**WHAT YOU NEED TO DO:**
For this exercise, reproduce the entries below exactly, but only from the line containing "Sequence alignment of" through the line containing "Collier en plaqué", both included.

Top of GIVEN INFORMATION

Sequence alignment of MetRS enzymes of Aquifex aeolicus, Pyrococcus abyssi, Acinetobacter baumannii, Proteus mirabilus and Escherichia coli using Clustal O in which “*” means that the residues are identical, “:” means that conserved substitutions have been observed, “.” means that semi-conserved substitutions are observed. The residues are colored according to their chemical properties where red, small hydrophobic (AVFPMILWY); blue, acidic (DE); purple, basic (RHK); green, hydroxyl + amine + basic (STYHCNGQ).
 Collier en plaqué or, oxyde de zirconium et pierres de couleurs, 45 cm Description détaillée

Bottom of GIVEN INFORMATION
Top of GIVEN INFORMATION

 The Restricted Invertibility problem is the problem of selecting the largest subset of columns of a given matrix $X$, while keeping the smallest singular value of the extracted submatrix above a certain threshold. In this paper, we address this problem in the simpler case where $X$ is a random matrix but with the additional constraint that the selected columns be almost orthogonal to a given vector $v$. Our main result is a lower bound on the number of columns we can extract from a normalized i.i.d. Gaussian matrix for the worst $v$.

Bottom of GIVEN INFORMATION

**EXERCISE SOLUTION:**
Sequence alignment of MetRS enzymes of Aquifex aeolicus, Pyrococcus abyssi, Acinetobacter baumannii, Proteus mirabilus and Escherichia coli using Clustal O in which “*” means that the residues are identical, “:” means that conserved substitutions have been observed, “.” means that semi-conserved substitutions are observed. The residues are colored according to their chemical properties where red, small hydrophobic (AVFPMILWY); blue, acidic (DE); purple, basic (RHK); green, hydroxyl + amine + basic (STYHCNGQ).
 Collier en plaqué or, oxyde de zirconium et pierres de couleurs, 45 cm Description détaillée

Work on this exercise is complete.